Quick answer: Dumont (ZIP 07628) is about fifteen minutes from our Lodi showroom. The borough grew up in the post-war boom, so most homes are Cape Cods, colonial revivals and 1950s split-levels on tidy 50 × 100 lots. Bathrooms tend to be on the smaller side — typical 5 × 7 or 5 × 8 footprints — and many still have first-generation framed showers or builder mirrors. Most of our Dumont work is hand-templated frameless replacements, mirror walls for compact baths, and occasional kitchen back-painted glass for renovated mid-century kitchens.
For everything we offer in town, see the Dumont service page.
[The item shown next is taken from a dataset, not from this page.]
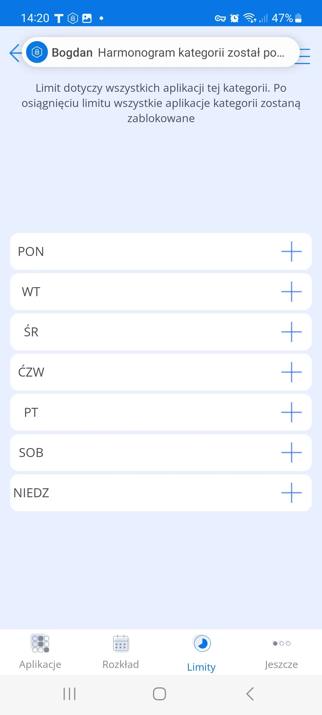 Aby ustawić limit, naciśnij „+” obok potrzebnego dnia tygodnia i podaj dozwolony czas na używanie tej kategorii na dobę. Możesz wybrać opcję „Ustaw na wszystkie dni tygodnia” i limit zostanie od razu ustawiony na wszystkie dni tygodnia.

Below are highlights of recent residential work.
Dumont at a glance
Dumont is about 18,000 residents in just under two square miles, tucked between Bergenfield and Cresskill in the Northern Valley. The housing tells a single story: post-war development. Cape Cods on tree-lined streets, colonial revivals filling out the larger lots, and 1950s split-levels stacked between them. Bathrooms in those homes are rarely more than 5 × 8, and the original 1950s tile work has settled in ways that don't accommodate off-the-shelf shower enclosures.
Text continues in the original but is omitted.